§ **Information provided**:
"""

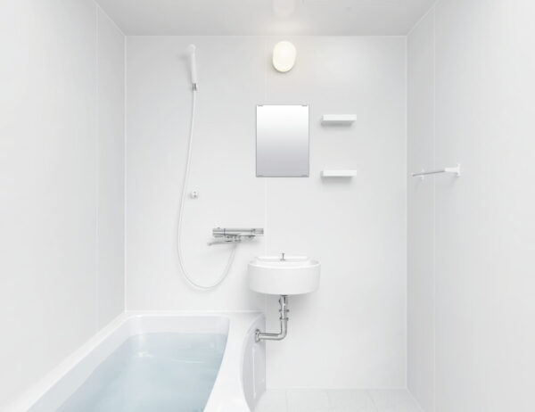 ユニットバス 工場で規格された天井、壁、床などを現場で組み立てる浴室のことで、工期が短縮可能。
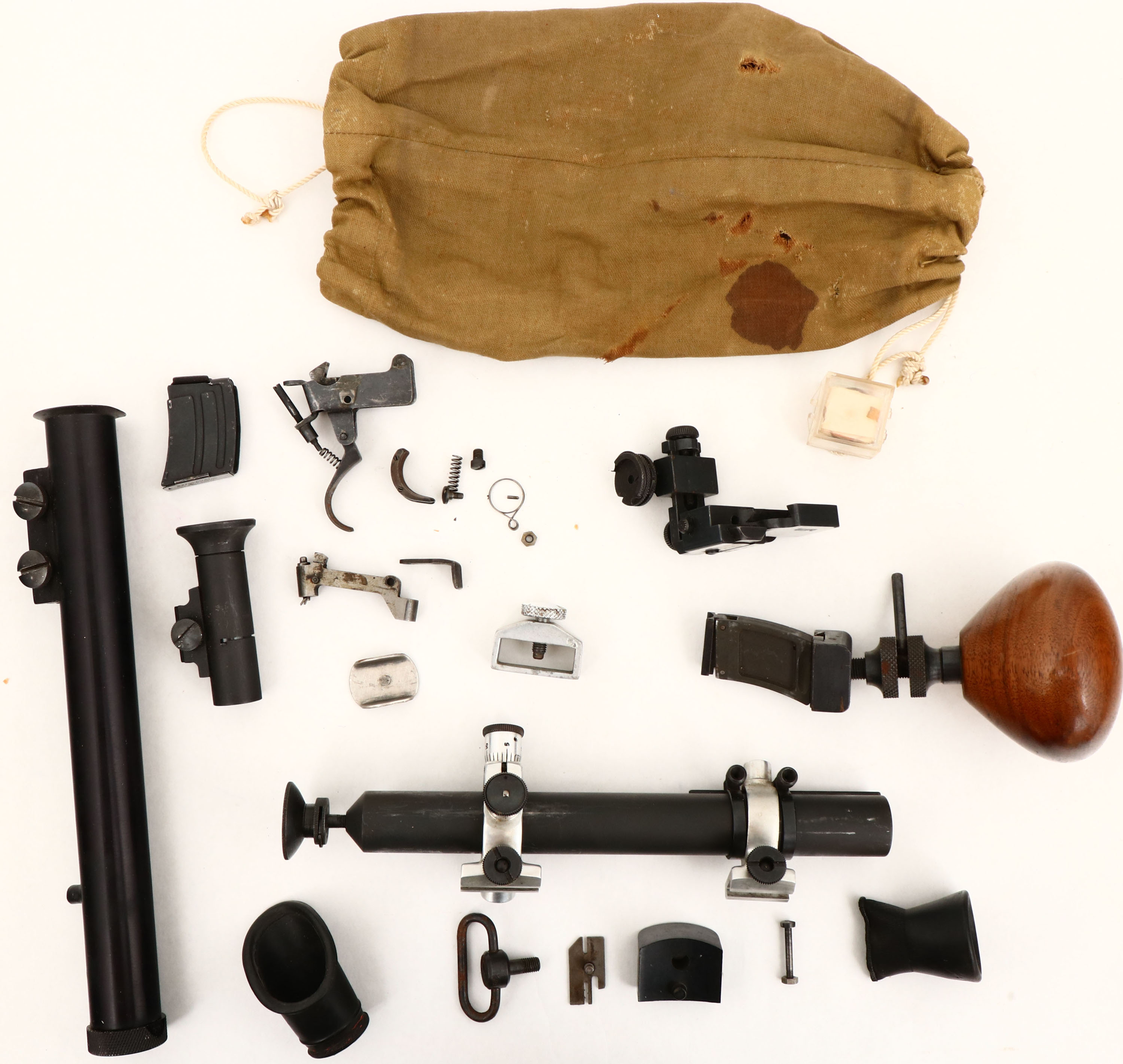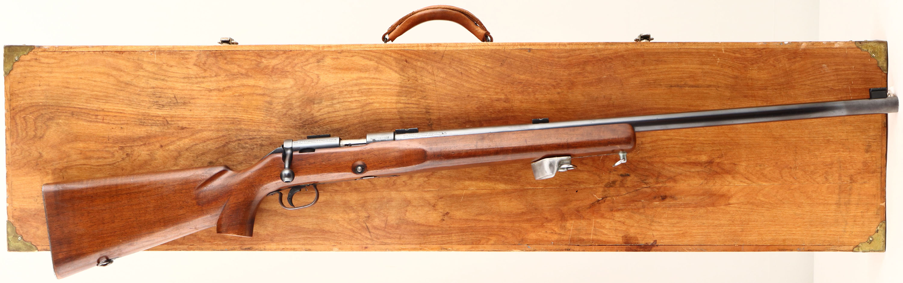 Winchester, Model 52 ''B'' Target rifle, .22 LR. Cal., MFG. 1937, SN: 44428B, Bolt Action Rifle, 28'' Heavy barrel, The original flat pistol grip target stock is excellent & solid. The original factory finish is excellent, with several small scratches or scuffs. Metal blue finish is 98% on barrel, 95% on receiver, while trigger guard is worn to a brown patina. Bore is excellent, The receiver & barrel carry four mounting blocks for scope or sight attachment. Riffle fitted with an upgraded Canjar trigger & the original letter & installation instructions come in the case. The original trigger & parts come in a Ziplock bag. Fitted with a checkered metal buttplate. Comes with original sling swivels & a second set. Rifle carries the original Winchester stamped 5 round mag. Comes with an additional fixed spring single shot Winchester stamped mag & another fixed spring single shot mag mounted on a wooden palm rest. Comes with a Parker Hale receiver sight, with adjustable aperture disk. Also comes with a AL FREELAND sight tube on J. Uberti scope blocks. Also comes with a WOMACK Dual Range sight tube. Also comes with a Redfield Olympic sight tube, with multiple silhouettes. Rifle & accessories come stored in a nicely crafted wooden carrying case with brass corners & a leather handle. FFL or C&R Req. - Value: 1000 to 2000
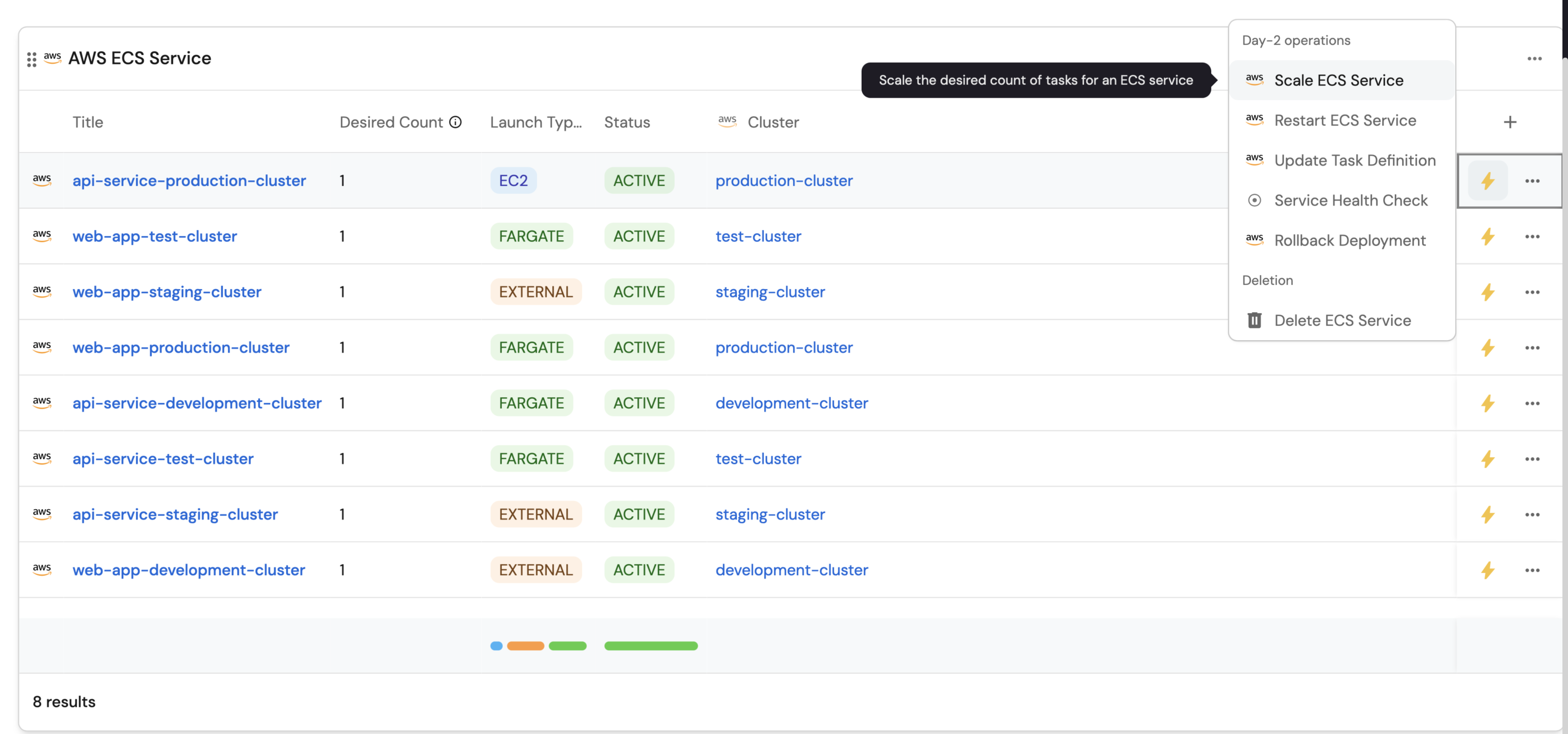 - Set up self-service actions to manage ECS services (scale, restart, deploy, health check, rollback, and delete).
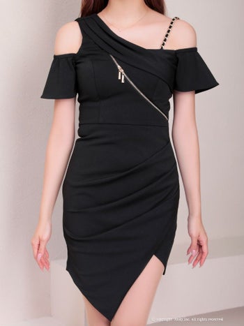 アシンメトリー オフショルダー ジップデザイン チェーン タイトミニドレスの全身フロント画像1
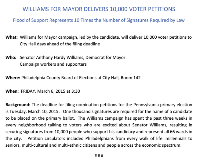 So if you’re running for mayor and you need 1,000 signatures, you’re running for a citywide office. That means your supporters aren’t limited to a specific area like, say, 9th District Council. But the signatures do need to belong to people who are registered with the party for which you’ve declared candidacy. Signatures need to be accompanied by the printed name, address and date of signature.
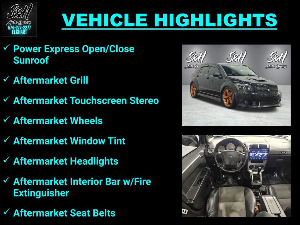 Clean Carfax. Brilliant Black Crystal Pearlcoat 2008 Dodge Caliber SRT4 FWD Getrag 6-Speed Manual 4D Hatchback 2.4L 4-Cylinder DOHC 16V Turbocharged 19/27 City/Highway MPG. At S & H we pride ourselves on our outstanding customer service, our transparent sales process and our rock bottom prices! Recent Arrival! 19/27 City/Highway MPG. Enjoy the benefits of certified service near Mishawaka IN, South Bend IN, Niles MI and Edwardsburg MI at the S&H Motor Sales Service Center. If you're anything like us, you love the feeling of driving a preowned car, and you want your car to feel like new for years and years to come. Fortunately, one of the best ways to ensure that, and avoid costly repairs in the future is to keep up with your manufacturer-recommended maintenance. And with years of preowned service expertise under our belts here at S&H Motor Sales, there's no one better equipped to serve your car care needs than we are.
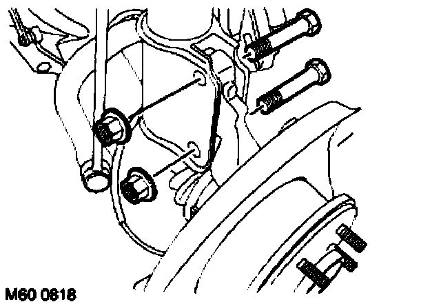 4. Position hub assembly and fit upper bolt, locate drive shaft to hub, align hub and fit lower bolt Tighten bolts securing hub to damper to 250 Nm (184 ft. lbs.).
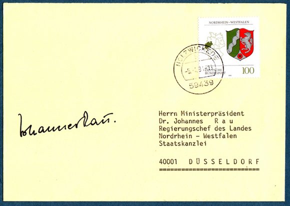 Die Wappenausgabe Nordrhein-Westfalen eignete sich natürlich auch dafür aus Holzwickede den damaligen Ministerpräsidenten Johannes Rau um ein vorderseitiges Autogramm zu bitten
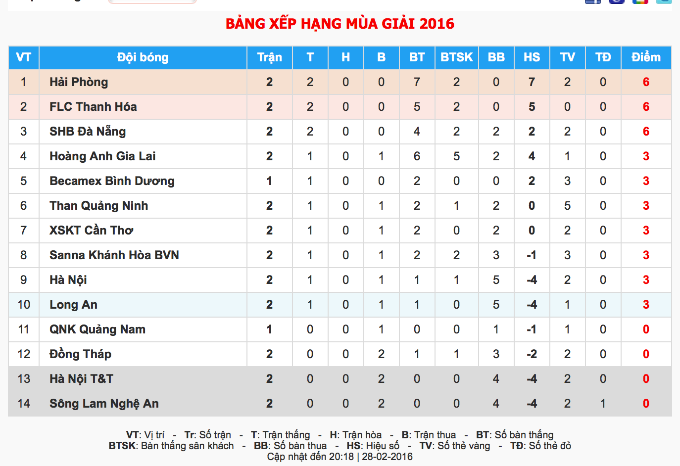 Với chiến thắng 5-0 trước Long An trên sân nhà Lạch Tray, thầy trò HLV Trương Việt Hoàng tạo nên bất ngờ khi vượt qua các đội bóng lớn để xếp vị thứ nhất trên bảng xếp hạng.
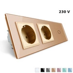 2 gniazda 230V 16A z włącznikiem dotykowym pojedynczym i panelem szklanym w kolorze złotym (VL-C701GG-63) LIVOLO

"""

§ **Your goal**: Write out exactly, and only, the lines from the line holding "4. Position hub" through the end of the data, inclusive, without any pictures.

§ **Task output**:
 4. Position hub assembly and fit upper bolt, locate drive shaft to hub, align hub and fit lower bolt Tighten bolts securing hub to damper to 250 Nm (184 ft. lbs.).
 Die Wappenausgabe Nordrhein-Westfalen eignete sich natürlich auch dafür aus Holzwickede den damaligen Ministerpräsidenten Johannes Rau um ein vorderseitiges Autogramm zu bitten
 Với chiến thắng 5-0 trước Long An trên sân nhà Lạch Tray, thầy trò HLV Trương Việt Hoàng tạo nên bất ngờ khi vượt qua các đội bóng lớn để xếp vị thứ nhất trên bảng xếp hạng.
 2 gniazda 230V 16A z włącznikiem dotykowym pojedynczym i panelem szklanym w kolorze złotym (VL-C701GG-63) LIVOLO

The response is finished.